In this particular embodiment, the second component 2 bears or takes the form of a damping bearing 15, particularly a balance wheel damping bearing, notably provided with an in-setting 9.4, with an endstone jewel 9.2, with a bored jewel 9.3 and with a lyre-shaped spring clip 9.1. The bearing 15 forms, with the endshake adjusting mechanism 20, an assembled bearing 10. In this particular embodiment, the component 2 is part of both the bearing 15 and the endshake adjusting mechanism 20.

In one particular variant, the second component 2 and the setting 9.4 could consist of one single piece.

The first component 1 of the assembled bearing 10 is advantageously secured to a timepiece movement blank 100, notably to a balance bridge 100, particularly a traversing balance bridge 100, a balance cock or the like. In the particular embodiment more particularly illustrated in FIG. 7, the first component is secured to the movement blank 100 while having a degree of freedom to rotate about the axis D. In particular, the first component is advantageously driven into a hairspring support 11 arranged beneath the bridge 100. The first component 1 may be held secured to the bridge 100 by a spring-loaded element 12 which presses both against the upper face of the bridge 100 and against the exterior surface of the ring 1.1 of the first component 1. Rotating the first component 1 then allows adjustment of the guide-mark setting (of an escapement collaborating with an oscillator of which the balance forms part) without disturbing the setting to which the endshake has been adjusted.

As a variant, the first component 1 could be fixed to or embedded in the movement blank 100, which is to say exhibit no degree of freedom with respect to the movement blank 100. In another variant, the first component 1 and the movement blank could form just one single piece. In other words, in such a variant, the first component consists of the movement blank.

According to the particular embodiment described in detail hereinafter with reference to FIGS. 1 to 7, the first component 1 comprises first shaped portions 5, preferably in the form of cams, with which the interface elements 4 come into contact. The second component 2 comprises a conical or frustoconical or near-frustoconical circumferential surface 6 with which the interface elements 4 are in contact. By altering:

• • the geometries of the contact surfaces of the shaped portions 5, 3.1, and/or
  • the geometry of the circumferential surface 6, and/or
  • the geometry of the interface elements 4, and/or
  • the number of interface elements 4 and the geometries thereof, it is possible, by rotating the second component 2, to bring about precise variations in the axial (along the axis D) location of the second component 2, and therefore of the bearing, relative to the first component 1.

In the adjusting mechanism, rotating the second component 2 with respect to the first component 1 causes the interface elements 4 to move with a radial component of movement along the respective shaped portions 5, 3.1. This movement changes the position of the bearing points at which the interface elements 4 press against the external circumferential surface 6 and causes axial translation (along the axis D) of the second component 2 relative to the first component 1.

The return element 8, secured to the upper edge of the first component 1, presses elastically against the upper edge of the second component 2. It exerts enough pressure on the second component 2 and the interface elements 4 against the first component 1 to cancel any play there might be and ensure that the components 1, 2 and 4 are kept in slip-free contact, except during the adjustment phase.

In this particular embodiment, the assembled bearing that allows the mobile unit to pivot about the axis D is made up of various elements:

• • the first component 1, intended to be secured to the movement blank of the timepiece movement;
  • the second component 2 intended to receive or to form at least one bearing;
  • the three interface elements consisting for example of balls 4, held in position by an interposed washer 3;
  • the return element 8, secured to an upper edge of the first component 1, pressing elastically against the upper edge of the second component 2, and returning the first and second components into collaboration with the balls 4. In particular, the return element 8 has the form of a frustoconical elastic washer.

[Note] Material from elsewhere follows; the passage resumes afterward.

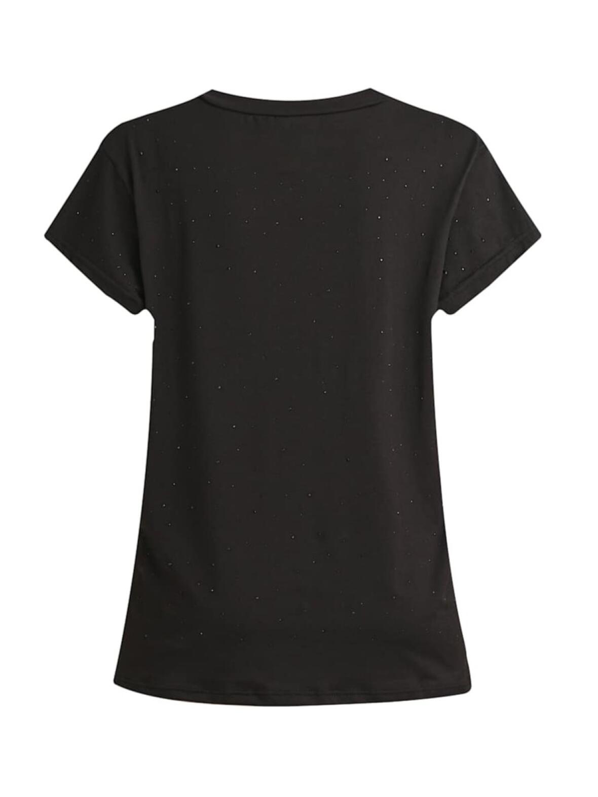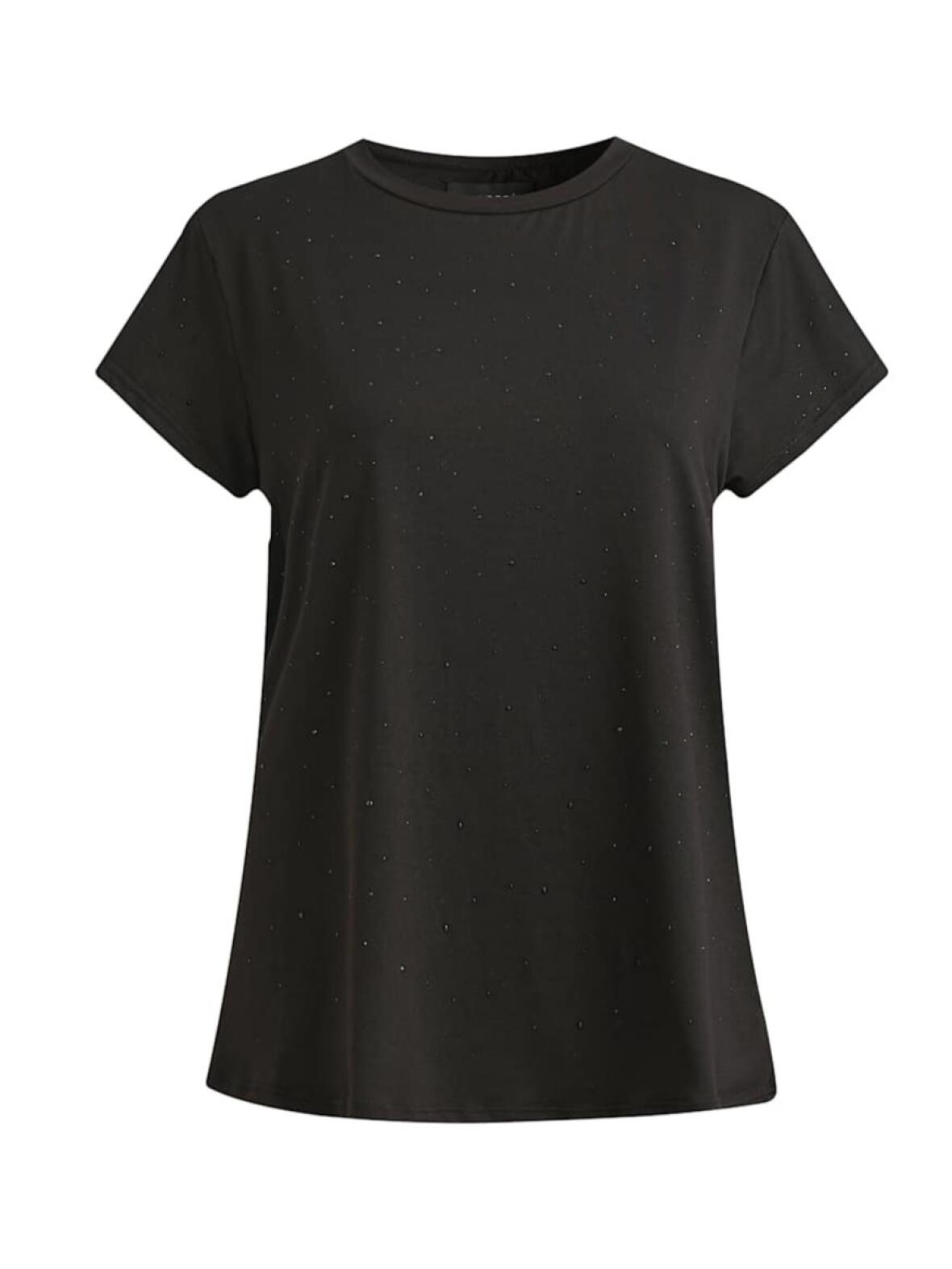 Alma t-shirt fra Libertè Essentiel i sort. En enkel og feminin t-shirt med rund hals og kort vingeærme, dekoreret med små sorte rhinsten for et diskret og sofistikeret udtryk.

In this particular embodiment, the interposed washer 3 rotates as one with the second component 2 and comprises, by way of shaped portions, second grooves (or second paths) 3.1 each intended to receive one ball 4. These second grooves 3.1 are of use in controlling the radial movement, with respect to the axis D, of the balls 4 in the plane P and, in particular, the movement of said balls along their shaped portion 5. In particular, this interposed washer 3 comprises as many second grooves 3.1 as there are balls 4, in this instance three. These second grooves 3.1 form guides or paths that are open-ended and pass all the way through, so as to allow the balls the possibility of moving over the entire extent of their respective path. In this embodiment, the first component 1 is a part made up of a ring 1.1 connected to a hub 1.2. This hub 1.2 is centered on the same axis D as the ring 1.1 and has outside and inside diameters that are respectively smaller than those of the ring 1.1, so that a connecting element 1.3 connects the top of the outside circumference of the hub 1.2 to the bottom of the inside circumference of the ring 1.1. The connecting portion 1.3 here makes an angle of 90 degrees with respect to the axis D, which is to say that it extends substantially radially relative to the axis D. Hollowed into the internal surface of the connection are three first grooves 5 of equal depths which form first paths 5 or shaped portions 5.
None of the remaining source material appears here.